As far as strengthening the overhead position, specifically the moment of lockout, is there anything other than snatch balances or drop snatches that I should be specifically focusing on in technique training? As far as confidence in the lockout goes (I feel like the above lift was mine and I sissied out), I guess just working with close to but still sub maximal (like 85-90% heavy singles) is a good idea?

Thanks again.

Ben McClure 08-16-2013 07:18 AM

Quote:

Originally Posted by Tamara Reynolds (Post 100400)
We like for our lifters to be able to work up to close to 90% of their max with a super slow pull. Especially with beginners, almost every time they get on their toes, they could have avoided it simply by slowing down their pull.

I agree, I treat the first pull as a primer for the real momentum coming from the explosive second pull. All you wanna do is get the bar moving in the right path, and get the bar into the hip so you can really drive the bar up and get under fast. A fast first pull will just lead to not being able to control the second pull and will usually end up humping the bar forward and creating a huge loop in the bar path.

Tamara Reynolds 08-16-2013 08:57 AM

Quote:

Originally Posted by Graham Haug (Post 100409)
Taking both of your words of advice, I did a snatch workout today focusing on super slow pulls. Worked up to a 176 snatch (a previous PR for me) very easily and decided to go for the 186, which has been a goal for some time. The pull on this is much faster than my previous lifts of the night, but it felt good going up. I think I'm able to get under the bar a little more balanced due to not toeing so much.

This video is the 186 lb attempt, featuring a clumsy escape from the failed lockout. Got it up no problem but the overhead position, whether due to weakness or confidence (I was picturing Matthias Steiner prior to the go, probably not a good idea in hindsight), didn't lock and my foot went wonky.



As far as strengthening the overhead position, specifically the moment of lockout, is there anything other than snatch balances or drop snatches that I should be specifically focusing on in technique training? As far as confidence in the lockout goes (I feel like the above lift was mine and I sissied out), I guess just working with close to but still sub maximal (like 85-90% heavy singles) is a good idea?

Thanks again.

Watching that miss in slo-mo, you basically got the bar behind you without ever having your elbows locked. Nice bail, though.

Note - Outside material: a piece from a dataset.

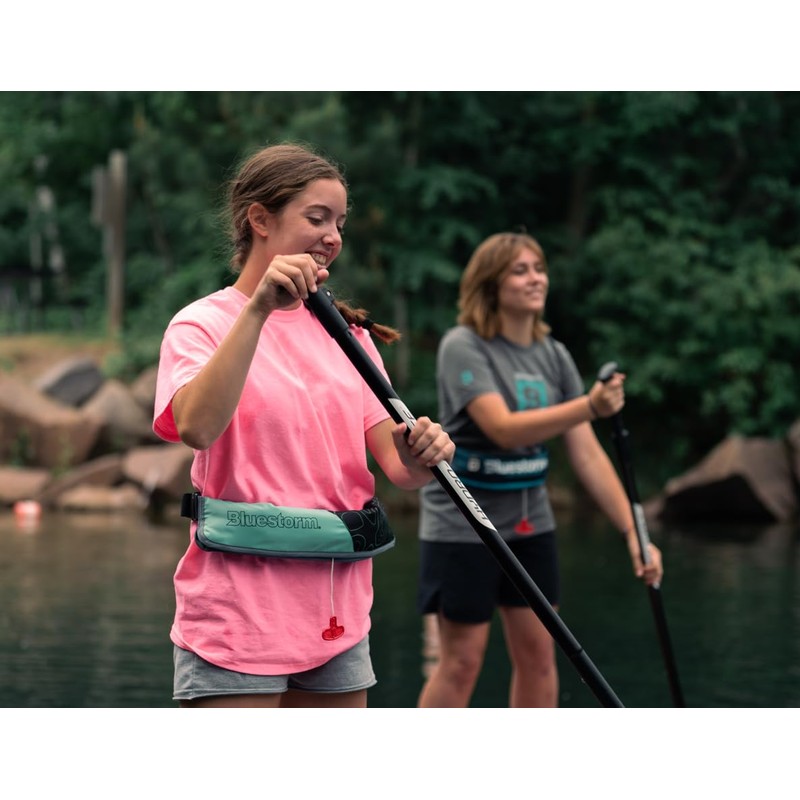 CIRRO 16: The Bluestorm Gear Cirro 16 Manual Inflatable Life Jacket Belt is a US Coast Guard approved hip belt pack PFD that will keep you safe and comfortable. Its convenient, slim, minimal, and packable design is perfect for SUP paddleboarding, kayaking, canoeing, and anglers. This USCG approved life vest waist belt floatation deploys manually with a pull cord using an included CO2 cartridge with the secondary option of oral inflation for additional buoyancy. The mesh and soft-touch memory foam keeps you comfortable while the 2" thick webbing keeps you safe and secure. Features D-ring attachment points and pockets. Designed for adult men and women, this life belt fits small, medium, large, xl and xxl sizes. Choose from multiple color options: deep navy blue, red, hi vis green, and teal. Type 5 convertible with Type 3 performance.
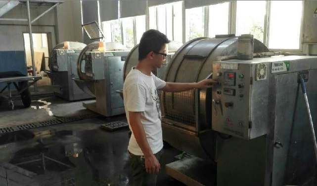 公司负责行政的周经理热情的接待了我院参加实习的同学,在周经理的带领下先住进了公司宽敞的宿舍,随后参观了公司生产部门。学生们首先来到挤水削匀车间,车间的右侧是三台挤水挤,右侧是六台削匀机,整个车间的八十多位工人熟练的进行中挤水和削匀工序。挤水是用挤压的方法除去蓝湿皮中的水分,削匀则是为了让皮的厚薄尽量保持均匀,以便在后续的复鞣染色加脂工序中各类材料能均匀渗透的更好。这两个工序看似简单,却是整个制革工艺中重要的一环,所以这个车间里的工人都是非常熟练的老手,只见一张张皮在他们手中展开、送入机器、抽出、折叠,足以体现他们老练的技术,同时他们脸上密布的汗水也显示这不是一份轻松的工作。

We prioritize aggression on the lockout over everything else... because if you don't lockout, you cannot make the lift. Whereas, you can do all sorts of funky things at the hip and the floor and still have a legal and safe lockout. To drill that, I like having lifters use a weight that is maybe 80% of max and just focus on speed from the hip to lockout. Their entire goal is to be faster from the hip to lockout than they thought possible.

We don't really use snatch balances or drop snatches for that purpose simply because it's a different motion... the bar is already behind you and you don't have to pull it into place.

If someone had shoulder stability or strength issues that were impacting lockout, then I'd do some other things, but unless you tell me you are constantly dropping snatches on your head, I don't think that's a problem for you.

I am not saying that this necessarily would have helped in this situation, but I'd tell you to make smaller jumps once you get to PR weights. Jumping from 176 to 186 is over 5%, which is a big deal on the snatch when you're at max weights.